Audience publique du 20 mai 2020

Cassation partielle

M. PIREYRE, président

Arrêt n° 432 F-D

Pourvoi n° R 18-24.834

R É P U B L I Q U E F R A N Ç A I S E

_________________________

AU NOM DU PEUPLE FRANÇAIS _________________________

ARRÊT DE LA COUR DE CASSATION, DEUXIÈME CHAMBRE CIVILE, DU 20 MAI 2020

Mme F... R..., domiciliée [...] en qualité de tutrice de son fils, majeur protégé, S... R..., a formé le pourvoi n° R 18-24.834 contre l'arrêt rendu le 27 septembre 2018 par la cour d'appel de Versailles (3e chambre), dans le litige l'opposant :

1°/ à la société MACSF assurances, dont le siège est [...] ,

2°/ à la caisse primaire d'assurance maladie de la Sarthe, dont le siège est [...] ,

défenderesses à la cassation.

La demanderesse invoque, à l'appui de son pourvoi, les cinq moyens de cassation annexés au présent arrêt.

Le dossier a été communiqué au procureur général.

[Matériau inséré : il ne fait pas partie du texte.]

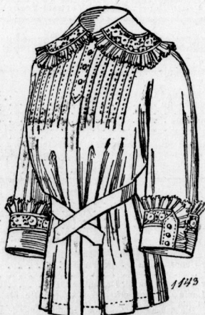
1143. Morgenjacket aus hellblauem Stoff mit buntemustertem Besatz für Damen.

2136 und 2137. Anzug für Knaben und Mädchen. An das kurze eingetragene Mädchenkleid des Mädchenkleides ist die Bluse fest angefügt und

Sur le rapport de Mme Touati, conseiller référendaire, les observations de la SCP Boré, Salve de Bruneton et Mégret, avocat de Mme R..., de Me Le Prado, avocat de la société MACSF assurances, et après débats en l'audience publique du 26 février 2020 où étaient présents M. Pireyre, président, Mme Touati, conseiller référendaire rapporteur, Mme Gelbard-Le Dauphin, conseiller, et Mme Cos, greffier de chambre,

la deuxième chambre civile de la Cour de cassation, composée des président et conseillers précités, après en avoir délibéré conformément à la loi, a rendu le présent arrêt.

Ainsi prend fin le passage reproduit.